The internet has tremendous potential as a public health tool; therefore, further investigation of its reach and potential is warranted. This is particularly true in light of the recent increases in obesity prevalence (18) and the previously cited predictable pattern of weight recidivism after weight loss (2, 3). The successful long-term treatment of obesity requires a feasible and acceptable method of delivery. Therefore, the purpose of this study was to test a novel approach to sustaining long-term contact with individuals after participation in a structured behavioral weight loss program. We hypothesized that individuals randomized to an internet condition would maintain more weight loss than individuals in a comparable, in-person condition.

Top

Research Methods and Procedures

Subjects

Two hundred fifty-five (209 women and 46 men) overweight and obese adults were recruited through newspaper advertisements placed in 10 different locations throughout the state. To assess the computer capability of prospective participants, a study web page was developed to facilitate the collection of information regarding subjects' available computer hardware and Internet access. Subjects were required to submit this information to the web site before participating in the study orientation meeting. Interested participants were further screened for eligibility through telephone interviews. Eligibility criteria included age over 18, BMI greater than or equal to25 kg/m2, and a computer with at least 32 MB of RAM, a sound card, a CD-ROM drive, 200 MHz, and 22 kps actual connection speed. Subjects were ineligible if they had a history of major medical or psychiatric problems, planned a pregnancy within the next 18 months, or were unable to participate in an exercise program. All participants agreed not to participate in other weight loss treatment programs for 18 months (Figure 1).


Design

Interested individuals were asked to attend an orientation session where the study was described in more detail. Because recruitment was conducted statewide, orientation sessions were held over interactive television (ITV).1 After attending an orientation session and signing informed consent, all subjects participated in an identical 6-month behavioral weight control intervention conducted over ITV. Only those completing the 6-month weight loss intervention were randomized to a maintenance condition. Subjects in each of the 10 ITV sites were randomly assigned to one of three weight maintenance conditions: 1) internet support (IS; n = 77); 2) frequent in-person support (F-IPS; n = 77); or 3) minimal in-person support (M-IPS; n = 78). All subjects were seen for assessment measures at baseline and at 6, 12, and 18 months. This study was conducted from August 2000 to November 2002 and was approved by the Committee on Human Research at the University of Vermont.

Procedures for Behavioral Weight Loss Program

To expand recruitment efforts, subjects were treated over ITV. Previous research found ITV to be a viable option for the delivery of a behavioral obesity treatment program (19). Ten ITV sites participated. The ITV group site that was closest to the university was used to broadcast the ITV sessions for all meetings. Thus, there was one local ITV site and nine that were distant from the university. These sites were geographically distributed around the state. The group therapist broadcasted treatment sessions from the ITV studio closest to the university with a live group participating in that studio and up to four additional groups simultaneously participating through distant ITV sites. All subjects could see and hear the therapist at all times, and each participant could be heard by all others by speaking into their own microphone. The audio system activated the video system; thus, participants were always on camera and visible when they were speaking.

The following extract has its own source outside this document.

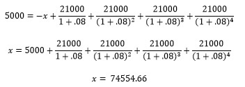 Al hacer la suma de los $21,000 de cada año en Valor Presente y restarle la inversión inicial, obtenemos un valor neto mayor a cero, lo cual hace la inversión de Rafael viable. Pero si Rafael está dispuesto a recibir el 8.7% de interés y quiere que su inversión tenga un Valor Presente Neto de $5,000, ¿Cuánto podría prestarle a la empresa?

The weight loss treatment program focused on the modification of eating and exercise habits through the use of behavioral strategies and self-management skills. Subjects met weekly for 1 hour, and printed lessons were given out to reinforce the weekly discussion. Subjects were instructed to reduce their caloric intake to 4186 to 10,465 kJ/d, depending on their baseline body weight. Calorie goals were determined by multiplying baseline weight in pounds by 12 (to get an estimate of current calorie consumption) and subtracting 1000 calories. This method has been used in previous studies and is known to encourage a weight loss of 1–2 lbs/wk (20). Graded goals for programmed activity (i.e., walking) were used throughout the program, and patients were encouraged to expend at least 1000 calories/wk in physical activity. Subjects were instructed to record their dietary intake and the amount of energy expended in physical activity daily. Their self-monitoring diaries were reviewed and advice was given on strategies for lowering caloric intake while maintaining a nutritionally balanced diet.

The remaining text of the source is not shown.